One rather odd feature of these dogmas is that though they depend heavily on a philosophy of science now outmoded, they are uttered in our time as if they were quite up to date and compatible with “modern sensibility.” Whatever nostalgia some of us may have for Newtonian physics, the consensus among scientists seems to be that it is no longer valid in the larger dimensions of reality; and yet the chief originators of the doctrines of progress through knowledge and of human perfectibility rested their faith on eighteenth- and nineteenth-century philosophies of science.

Over and over again in the writings of the prophets of perfectibility we read the assertion that total reality, once sufficient information about it is acquired, will be totally understandable by the average intelligence. “Every truth of this kind is comprehensible by all understandings,” wrote Claude Adrien Helvetius in his A Treatise on Man in 1773.

And observe the Marquis of Condorcet staring into the crystal ball in 1794: “Since,” he wrote, “as the number of known facts increases, the human mind learns how to classify them and to subsume them under more general facts …; since, as more relations between various objects become known, man is able to present them in such a way that it is possible to grasp a greater number of them with the same degree of intellectual ability, …” so the day will arrive, he asserts, when all the most profound truths of the universe will be known and universally comprehended. Conduct, then based on perfect information, will be perfect, because men are always as good as they know how to be.

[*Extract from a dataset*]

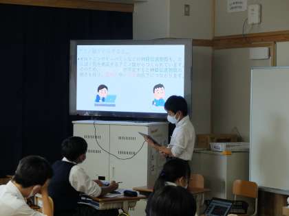 8年生の国語では「魅力的な提案をしよう」の学習を行っていました。それぞれ自分が興味・関心があることについてプレゼンテーションを行っていました。ある生徒は「アミノ酸について」なるほど〜と思えるよい提案でした。

Today it is difficult to imagine a more stumbling prophecy. Instead of becoming more unified, more “rational,” more understandable, more available to the average intellect, scientific knowledge has become more esoteric, more fragmented, and more impossible of comprehension save by the very few. And appallingly, somewhere along the line it has picked up the very un-Newtonian burden of the irrational, the indeterminate, the unthinkable.

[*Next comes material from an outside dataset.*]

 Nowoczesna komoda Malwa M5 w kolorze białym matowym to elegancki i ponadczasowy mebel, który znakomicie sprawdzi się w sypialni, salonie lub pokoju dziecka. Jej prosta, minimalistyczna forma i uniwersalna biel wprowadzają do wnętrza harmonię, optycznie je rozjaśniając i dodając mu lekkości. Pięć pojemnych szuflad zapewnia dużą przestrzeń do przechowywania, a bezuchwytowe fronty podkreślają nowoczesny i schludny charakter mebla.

It was a beautiful dream. How encouraging to have believed that once the Encyclopédie, which was founded by Denis Diderot and contained every fact about everything, was published, man could “with almost complete assurance” predict everything and hence control everything.

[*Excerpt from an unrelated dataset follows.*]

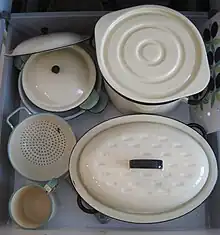 Ordet emalje kan også bruges om metalgenstande som er udsmykket med emaljedekoration og -belægning. En person som arbeider i emalje, kan kaldes for emaljør.

True, even the encyclopedists had a few qualms about the nature of the ultimate victory over death. “It is reasonable to hope,” wrote Condorcet, “that all … diseases may … disappear as their distant causes are discovered.… Certainly man will not become immortal; but will not the interval between the first breath that he draws and the time when … he expires increase indefinitely?… We are bound to believe that the average length of human life will forever increase.” An oddly self-defeating prediction—at least to modern materialist existentialists, who assert that the inevitable extinction of every human life, no matter how long deferred, irrefutably demonstrates the Absurdity of human existence.

My chief aim, however, is not to rehearse this rather obvious portion of the history of ideas but to point out certain interesting irrationalities in the way the dogma of human perfectibility is preached by its contemporary adherents. As a matter of fact, the chief points I wish to make all appeared in a recent address by an eminent educator who said, as if the idea were not a rather quaint one based on outmoded science but a new one conceived at least partly by him: “Man’s difficulties, it seems to me, are the consequence of his ignorance, not of something the theologians used to call ‘evil.’ ”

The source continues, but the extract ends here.